[STORED DATA Boundary: Start]

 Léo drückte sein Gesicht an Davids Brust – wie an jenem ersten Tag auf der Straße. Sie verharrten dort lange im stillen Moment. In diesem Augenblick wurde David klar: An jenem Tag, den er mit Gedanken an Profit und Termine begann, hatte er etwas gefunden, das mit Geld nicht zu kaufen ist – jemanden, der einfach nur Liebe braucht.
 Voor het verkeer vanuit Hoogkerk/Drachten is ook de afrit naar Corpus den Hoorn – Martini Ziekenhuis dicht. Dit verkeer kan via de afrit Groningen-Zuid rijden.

[STORED DATA Boundary: End]
[STORED DATA Boundary: Start]

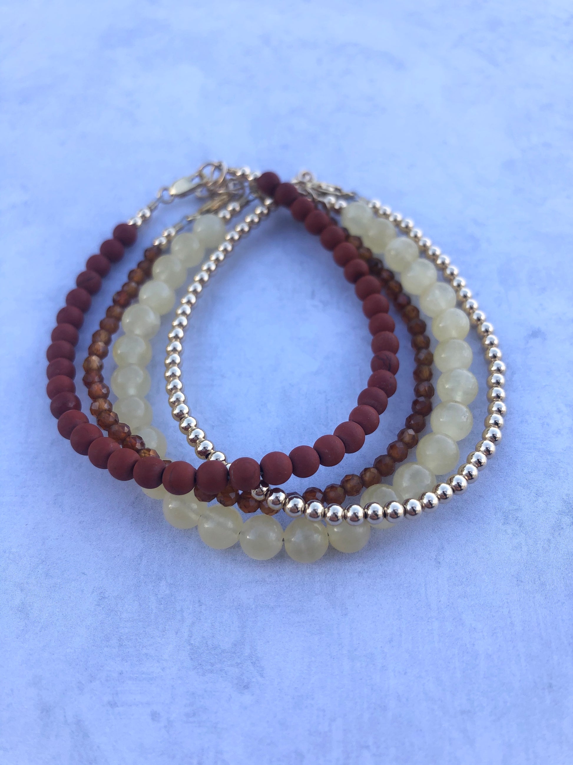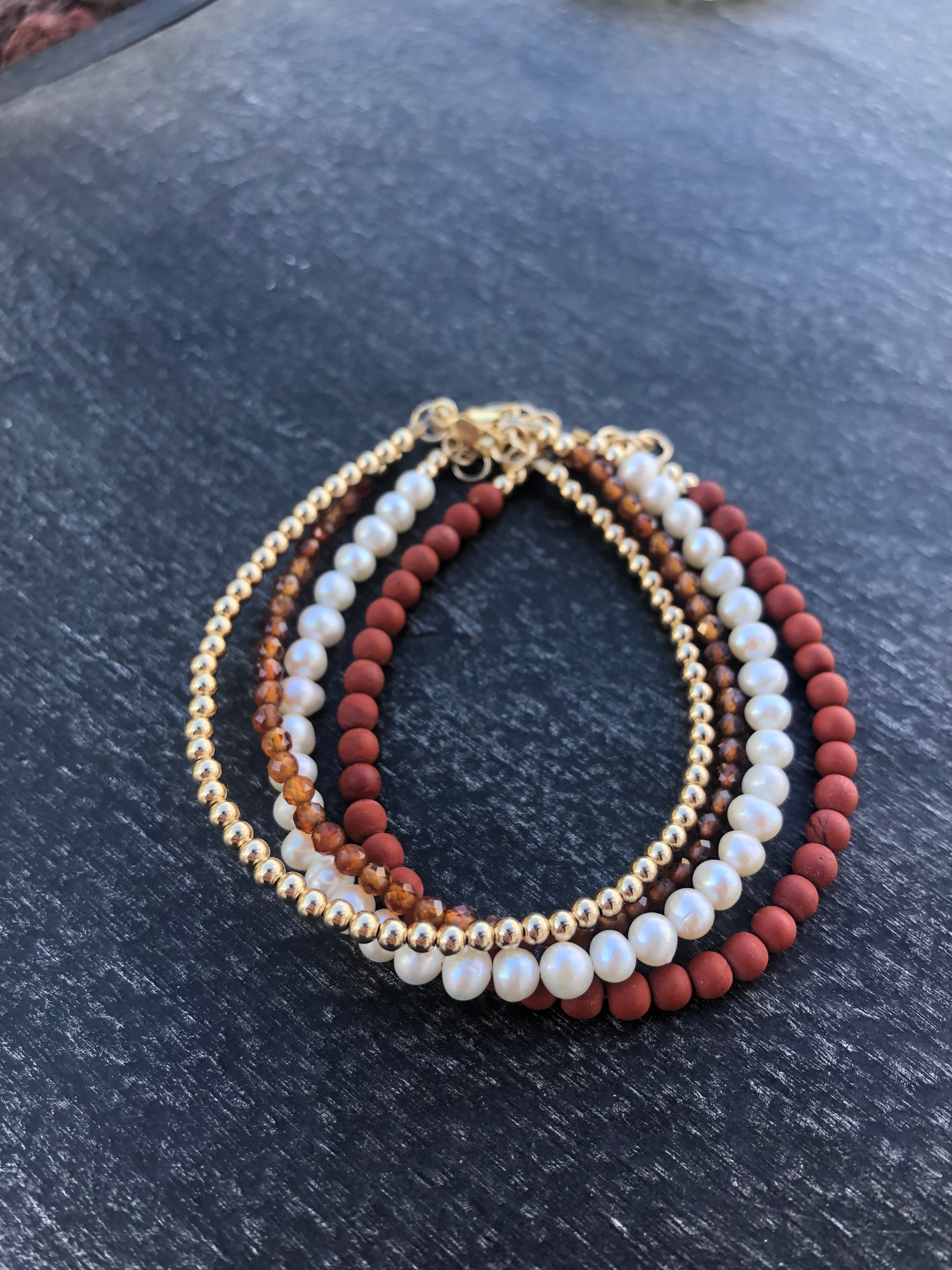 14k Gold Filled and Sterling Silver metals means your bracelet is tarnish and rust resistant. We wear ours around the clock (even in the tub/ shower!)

[STORED DATA Boundary: End]

» WORK REQUIRED
Would you print exactly and only the lines of the material above that run from the line with "Léo drückte sein" through the line with "Voor het verkeer", both included?

» RESULT OF THIS TASK
 Léo drückte sein Gesicht an Davids Brust – wie an jenem ersten Tag auf der Straße. Sie verharrten dort lange im stillen Moment. In diesem Augenblick wurde David klar: An jenem Tag, den er mit Gedanken an Profit und Termine begann, hatte er etwas gefunden, das mit Geld nicht zu kaufen ist – jemanden, der einfach nur Liebe braucht.
 Voor het verkeer vanuit Hoogkerk/Drachten is ook de afrit naar Corpus den Hoorn – Martini Ziekenhuis dicht. Dit verkeer kan via de afrit Groningen-Zuid rijden.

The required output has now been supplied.